К татаркам дворский отнесся благосклоннее:

– Женщины – те у них поприглядне будут. Которые даже и на русский погляд – леповидны. А все же против нашей русской женщины альни сравнить!

Дворский махнул рукой.

– И все ихние бабы, – продолжал он, – в шароварах должны ходить, како мужской полк! То понять можно: Чагоныз повелел всему народу на коне обучиться… И всю жизнь – на коне… с ребенком – и то на коне. Тогда в шароварах удобнее. Но пошто на головы взгромождают такое строенье – не возьму в толк! – ни тебе клобук архиерейский… да что клобук!.. Более приравнять можно: акы ушат кверху дном опрокинут и полотном обтянут… Сие ни к чему, я считаю…

Хвалил семейную чистоту и целомудрие жен татарских:

– Мужнину честь хранят! – Нахмурясь, добавлял: – Жен – и по три и по четыре имеют: кто сколько сдюжит прокормить. То во стыд не ставят. А наложница коли заимела ребенка, то уж стала в полном чине жена. И если ханенок от таковые посадницы, то может и на ихный престол взойти…

Осуждал татарскую пляску:

– Черного своего молока напьются кобыльего – кумыза, сделаются пьяны, сейчас – плясать! Гусли, сопели, бубны… А пляска у них неладная, Данило Романович!.. Дерг, дерг… якобы кукла-живуля… срамота, бесстудьство одно!.. То ли дело – наш колымыец гопака спляшет али киевлянин!..

И сызнова начинал о городе:

– Чудно изукрашен их град! Улицы – широки. Инде торцами кладены. Хоть бы и не татарам в таком граде жить! Только улицы градские не чисто содержат!..

Тут Андрей-дворский понизил голос и с некоторою опаскою сообщил:

– К примеру молвить: некий грек пленный устроил им водометы. Дивно, окаянный, измечтал: воду по трубам – колесами, шатунами – прямо из Волги подает, за несколько верст, – конской тягой. Ходит конь округ колеса… глаза у него завязаны… Ладно. Кажись бы, у Волги хватит воды на все! А почему же в домах даже и руки обмыть нечем?.. А и не моют!.. Осалит за обедом руки – тотчас их о голенища, об шубу отрет! И рыгают – не приведи господь!.. И того у них нету, чтобы чашку ополоснуть!.. Одно слово – варвы!..

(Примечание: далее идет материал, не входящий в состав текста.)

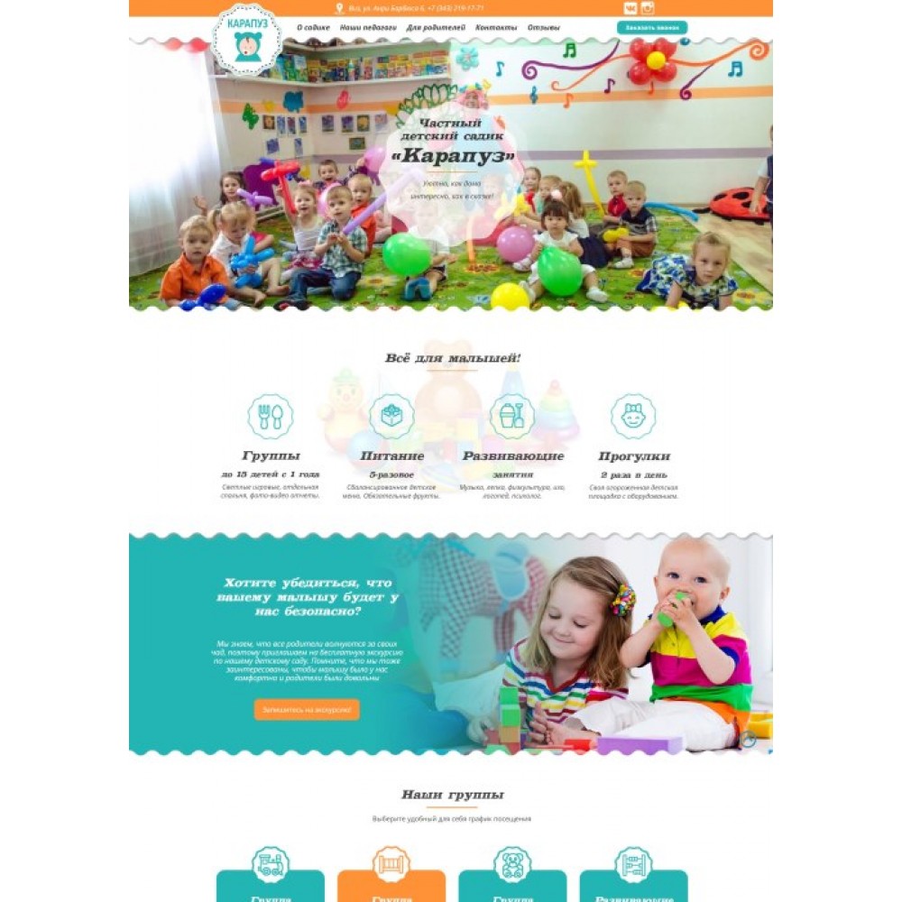 Рекламный сайт частного детского сада Карапуз от веб-студии Максвебсайт г. Серов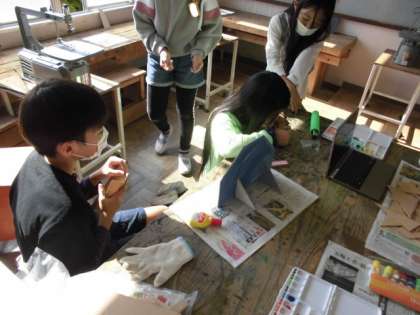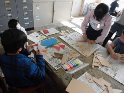 ギコギコ ギコギコとのこぎりを使って板を切ることにもだんだん慣れてきました。始めに切り込みを入れることや引く時に力を入れることなど,少しずつコツが分かってきたようで,スムーズにのこぎりを動かすことができていました。切り取った板に着色ができたら組み立てていきます。

За немалую, надо полагать, мзду первый битакчи выдал дворскому грамоту и пайцзу, с которыми можно было невозбранно посещать любой из кварталов Сарая.

И тогда такого насмотрелся галицкий воевода, о чем не смог промолчать перед князем, едва только возвратился к нему: пусть знает, пусть ведает Данило Романович, как волынские и галицкие его гинут у проклятых, и нет им заступника; пускай хоть словом своим заступит и оградит своих-то, когда позовут к Батыю!

И начал было рассказывать дворский:

– Рязанским, суздальским, ростовским, а и киевлянам пленным, – тем куда легче, не то что нашим галичанам несчастным! Ихние-то князи: Ондрей Ярославич, Олександр Ярославич, а то и сам Ярослав Всеволодич – сей вот намедни проехал через здешни места к великому хану, в Каракорум, – ихние-то князья ведь по всяко дело когда не один, ино другой наезжают в Орду…

Князь молча слушал, а сам перелистывал в это время манускрипт, в котором, по его повелению, монахи, работавшие в его скрипториях, и толковники-греки, руководимые обоими Кириллами – и печатедержцем и митрополитом, – собрали, переписали в выдержках все, что только можно было прочесть о русских и о славянах в писаниях древних авторов.